I swear to God, I have the WORST memory for that kind of shit.
Well, turns out this new potential client was not just a republican, but the worst kind… Against gay marriage, aggressively pro-life, and ready to drill-baby-drill! (Among other things).
I just… I couldn’t do it. I mean, I probably turned away a $400-500 job here which is a lot of money, but I just felt… compromised. And not the kind of compromise that is good for you, but compromisED. How could I participate in an effort for someone that goes AGAINST my beliefs? If he was a Klansman, I would never support him and nobody would chastise me for it. But is active effort to block the progress of the LGBT population not just as bad as violent racism? Isn’t micromanaging a stranger’s uterus and ripping through our planet’s breastbone for black gold just as bad?!

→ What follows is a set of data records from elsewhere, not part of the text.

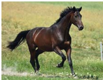
Aktien, foto Zenon Kisza

Matka SCHLÖDIEN II patří k nejlepším chovným klisnám Německa, když dodnes dala 5 (!) plemeníků a T skokana (Schenkendorf po Topkij). V Čechách jsme již viděli jejího syna Skandau (EH Singolo), licentovaného v sezoně 2016. Otcem Schlödien II je ceněný plnokrevný Königspark xx. Klisna patří k velmi ceněné rodině Schwalbe, která dala i otce u nás známého vynikajícího skokana Topase. Königspark xx dal GP koně a plemeníky Herzruf (vítěz testu hřebců, Hřebec roku 2004 a otec špičkového drezuristy Ully Salzgeber Herzrufs Erbe), dále Kilian, Donaukönig, Permessio. Herzruf dal další špičkové koně v drezuře (Payano) a military Haysome, Hayvaras, Heart's Desire)
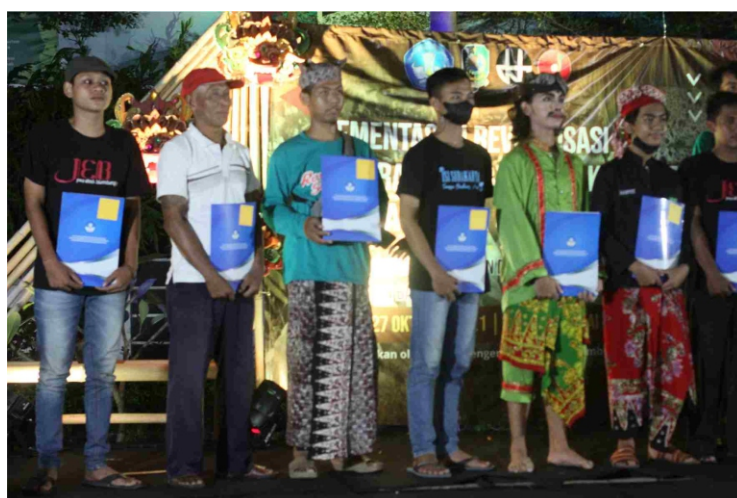
Penghargaan 7 Peserta Finalis Revitalisasi
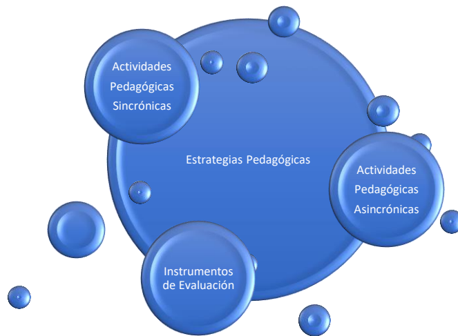
Figura 3 Relación de Estrategias Pedagógicas, actividades académicas e instrumentos de evaluación en el Programa de Derecho

En consecuencia, las estrategias pedagógicas y didácticas se articulan con los instrumentos de evaluación, lo que conlleva a que se escojan instrumentos que estén contextualizados con la realidad, que promuevan la investigación y la creatividad, así como el pensamiento crítico, el trabajo colaborativo y el respeto por sí mismo y los demás. El objetivo de la evaluación es dar herramientas para promover el mejoramiento continuo del aprendizaje para aprender a aprender y aprender para toda la vida.

Some people on my facebook status update today had a different opinion than me.
“Somebody’s going to do it. Social media is turning into a big business. All I’m saying is why not get some more professional experience under your belt and get paid for it. Hell, I don’t think a Democrat has ever offered me a project.”
“You aren’t running the campaign or anything! It would be good experience.”
And I don’t judge these people for having a different position than me, but it would EAT ME UP inside if somehow, by doing a job for someone I don’t support, I ended up delivering a blow — however small it may be — to the very things that I’m fighting for.
I remember one other situation that happened like this where I was once asked to print protest signs for a pro-life group with pictures of aborted babies and phrases like, “Don’t be a murderer!” I couldn’t do it. I just… I mean, imagining myself driving down the street with my son in the car and just la-de-dahing along the way and seeing protesters on the side of the street, polluting my son’s mind with, what I consider, to be poisonous information? And then imagining the sinking feeling in my stomach when I have to try to explain to my son why I disagree with the people holding the signs — unexplaining what my work might explain to someone…?
It’s all too much.
My friend Christine summed it up beautifully:
“There’s a lot I could overlook for the right price…but I could not actively promote a Republican candidate. Good for you!”